Per il vestiario contro arco elettrico, il ragionamento è collegato anche al rischio termico dell’arco. Le linee guida al Regolamento specificano che, se nell’uso prevedibile può verificarsi un arco elettrico, il DPI deve fornire protezione contro il calore generato dall’evento. La norma tecnica normalmente richiamata è la IEC/EN 61482, che riguarda proprio gli indumenti di protezione contro i pericoli termici dell’arco elettrico.

Quindi, in sintesi: non è tanto “la IEC 61482 da sola” a dire che il capo è III categoria.
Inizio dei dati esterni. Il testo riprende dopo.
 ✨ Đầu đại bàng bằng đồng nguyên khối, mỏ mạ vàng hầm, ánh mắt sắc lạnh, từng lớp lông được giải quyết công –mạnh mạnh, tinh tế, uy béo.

La base giuridica è il Regolamento (UE) 2016/425, Allegato I, perché il rischio elettrico/lavori sotto tensione rientra tra i rischi di Categoria III. La IEC/EN 61482 serve invece a dimostrare le prestazioni tecniche del capo rispetto all’arco elettrico.

Il motivo per cui in vecchie specifiche trovavi capi simili in Categoria II può dipendere dal fatto che erano stati certificati sotto il regime precedente, oppure che erano qualificati principalmente come indumenti ignifughi/anti-calore generici, non come DPI specifici contro il rischio da arco elettrico. Oggi, se il capo è venduto e dichiarato come protezione da arco elettrico per lavori elettrici o ambienti con rischio arc flash, io mi aspetterei marcatura e documentazione da DPI III categoria, con organismo notificato coinvolto nella sorveglianza della produzione. Per i DPI di Categoria III, infatti, la marcatura CE deve essere seguita dal numero identificativo dell’organismo notificato.
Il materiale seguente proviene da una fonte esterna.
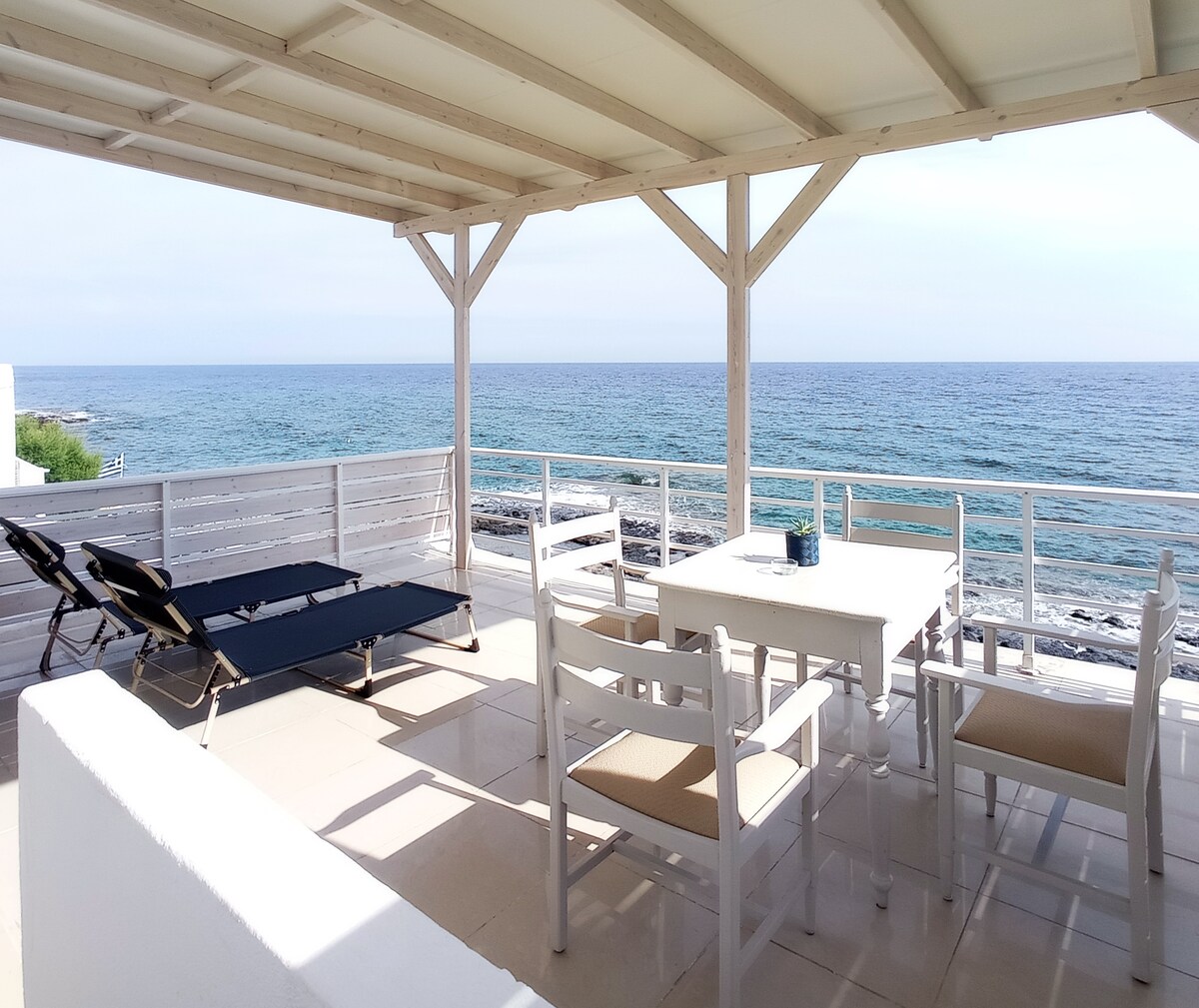 En sevdiğimiz ev kelimenin tam anlamıyla sahilde bulunmaktadır, kendi banyosu ve bağımsız girişi olan 3 odası, teraslı bir dairesi ve geniş bir ortak oturma ve yemek alanı vardır. Deniz esintisini görmeyi, duymayı ve hissetmeyi hayal ediyorsanız aradığınız yer burası. Çiftler için huzurlu bir tatil için idealdir. Güney Girit'in en iyi plajları yanınızda. Önünüzde kayalık bir plaj var ama aynı zamanda yakınınızda kumlu bir plaj da var.

In pratica controllerei sempre tre cose: dichiarazione UE di conformità, categoria DPI indicata dal fabbricante e norme riportate sul capo/scheda tecnica, in particolare IEC/EN 61482 per l’arco elettrico. Se il capo viene dichiarato solo come EN ISO 11612 contro calore e fiamma, senza riferimento all’arco elettrico, siamo davanti a un altro scenario di rischio e la classificazione va letta diversamente.